Want to connect with Aya?


Or give her a shout out? Find her on Twitter aya_chebbi

Let us know your thoughts in the comments below, or let’s chat on Twitter, Facebook or Instagram @EyalaBlog.

“I'm a diplomat with an activist spirit” : Aya Chebbi (Africa -Tunisia) – 2/3

Aya Chebbi was the first African Union Envoy on Youth. Photo provided by Aya

I am in conversation with Aya Chebbi, pan-african feminist organizer and the first AU Youth Envoy. In the first part of our interview, Aya spoke to us about her African identity and her root in pan-africanism. 

In this second part, we dig deeper into the vision for a united Africa and explore Aya’s experience in her role as the AU Youth Envoy. 


I want to know about your style, because you’re always dressed to kill. I have a sense that it's not just about style, but that you're making a point with what you wear. Am I wrong? 

No, you’re not. I think it is identity and self-liberation. You know you grow up wearing what people tell you to wear and there are specific standards of beauty, especially as a female person. My experience with my hair made me realise that how I'm seen reflects who I am. I was bullied for my natural hair and so I used to cut it very very short, but then was forced to have straight hair so my mom would wrap it every night in long tights to be perfectly in shape for the next day. The moment I showered, I would have to go to the salon to do my hair. This was standard in the family.  

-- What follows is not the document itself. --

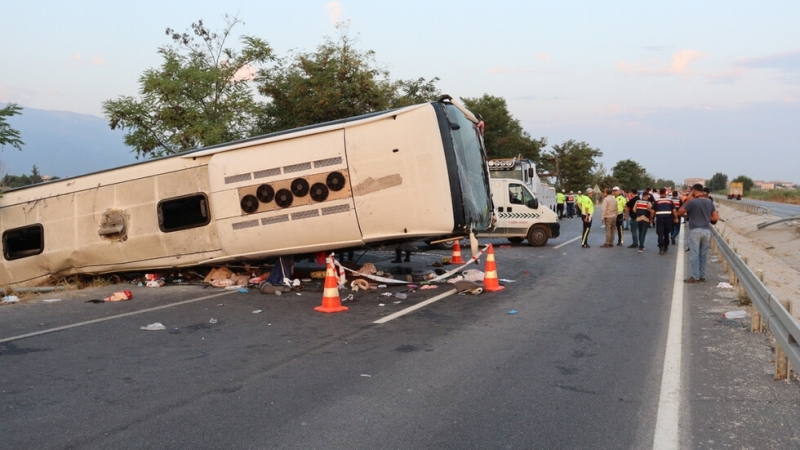 Катастрофата е станала рано сутринта в окръг Денизли. Шофьорът на камиона, натоварен с пясък, изгубил управление, навлязъл в насрещното платно и се блъснал в автобуса, който се преобърнал от удара.

When I went to university, I no longer had the time or money to do that and remember being shocked that I had curly hair. I loved being natural and just showering and going out with my hair as it was. In my family, especially at the beginning, the first two to three years, I would hear “Go and fix yourself, you're a mess. What is this hair? You’re a mess.” It's always heard that straight hair is what is proper. I realised my hair was political and used it to make a point about that being who I am and liking it. It takes courage, as well, to wear some of the things that I wear and walk in a room. I'm not coming in a suit and a tight skirt or the idea of what a young woman should wear, what a diplomat should wear, even in the hallways of the African Union. 

I realized my hair was political and used it to make a point about that being who I am and liking it.

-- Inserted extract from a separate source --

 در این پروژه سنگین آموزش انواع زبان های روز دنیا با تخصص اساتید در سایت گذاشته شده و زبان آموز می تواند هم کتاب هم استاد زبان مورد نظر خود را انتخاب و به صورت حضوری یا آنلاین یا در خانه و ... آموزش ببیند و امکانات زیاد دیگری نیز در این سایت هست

My Pan-African identity helped me to take the courage and assert, “This is how I want to be seen. I love my African earrings. I can't take them off. This defines me.” That’s why I dress the way I am, because it's Pan-African for me. Every piece is from some parts of Africa and it’s like, “I am all Africa and I’m walking.” And especially in Tunisia, I love that when people see me they start asking questions, “Oh my God, where is this from?” And then we start a conversation. And I love that; I love provoking that. It helps me in North Africa to start an African conversation which is hard to have. I also realized that when I’m traveling, I blog about food, about clothes, and many of the people who follow me want to go and visit these African countries. That makes them love or become curious about it, and I love that. It is changing the narrative. 

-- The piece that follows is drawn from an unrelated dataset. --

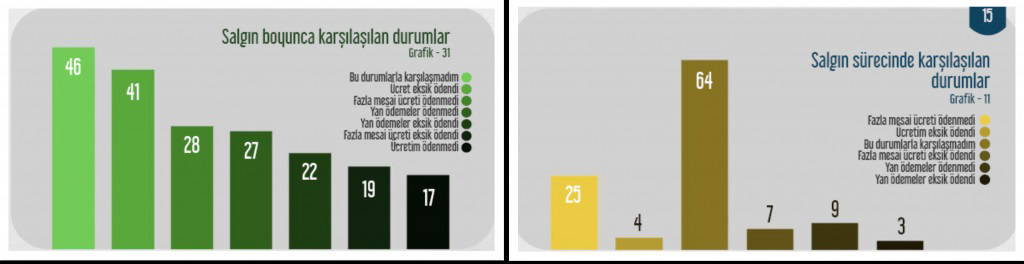 İş saatlerini kısaltma talebi: Her iki çalışan grubunda da en çok karşılaşılan hak gasplarının başında fazla mesai ücretlerinin ödenmemesi ve ücretin eksik ödenmesi geliyor. İşçiler salgın döneminde patrondan en çok iş saatlerinin kısaltılması talebinde bulundu; ancak bu talepleri büyük ölçüde karşılanmadı.

Today, what does a united Africa look like? If we can make Pan-Africanism, as you understand it today, work, what does that look like? What is that utopia for you? 

As much as I am inspired by the ‘60s, I think we have a different vision because they built borders and they fought to have nation states. For me, it's the opposite that my generation seeks today. It’s borderless and not driven by personal interests or colonial borders. People could drive and go anywhere. People would know the history of Tunisia, what Tunisians did in 2011. A Zambian child, for example, would know what Tunisians have changed and would inspire them to do something. We would be economically so powerful, we would not give a shit about colonial imperialism, we would sit at the United Nations and define things. The unity I envision has to do with a population that is conscious as Africans, a common sense of African-ness, of belonging to this space. It also has to do with leadership. Without a Pan-African leadership, it's easy to sell our resources and our agendas. We need leadership that thinks, “I will not do this to you because it's going to harm Ghana, my neighbor, or Algeria. I will not do this to you because it's going to harm Kenya.” That mindset that I should think about other countries, people as African, ideologically… that's what I would see a Pan-African leader would do.

I agree it can’t just be one leader who is thinking Pan-Africanist in a Pan-African way. It has to be a pool. Is that what you were thinking about when you started the Africa Youth Movement? 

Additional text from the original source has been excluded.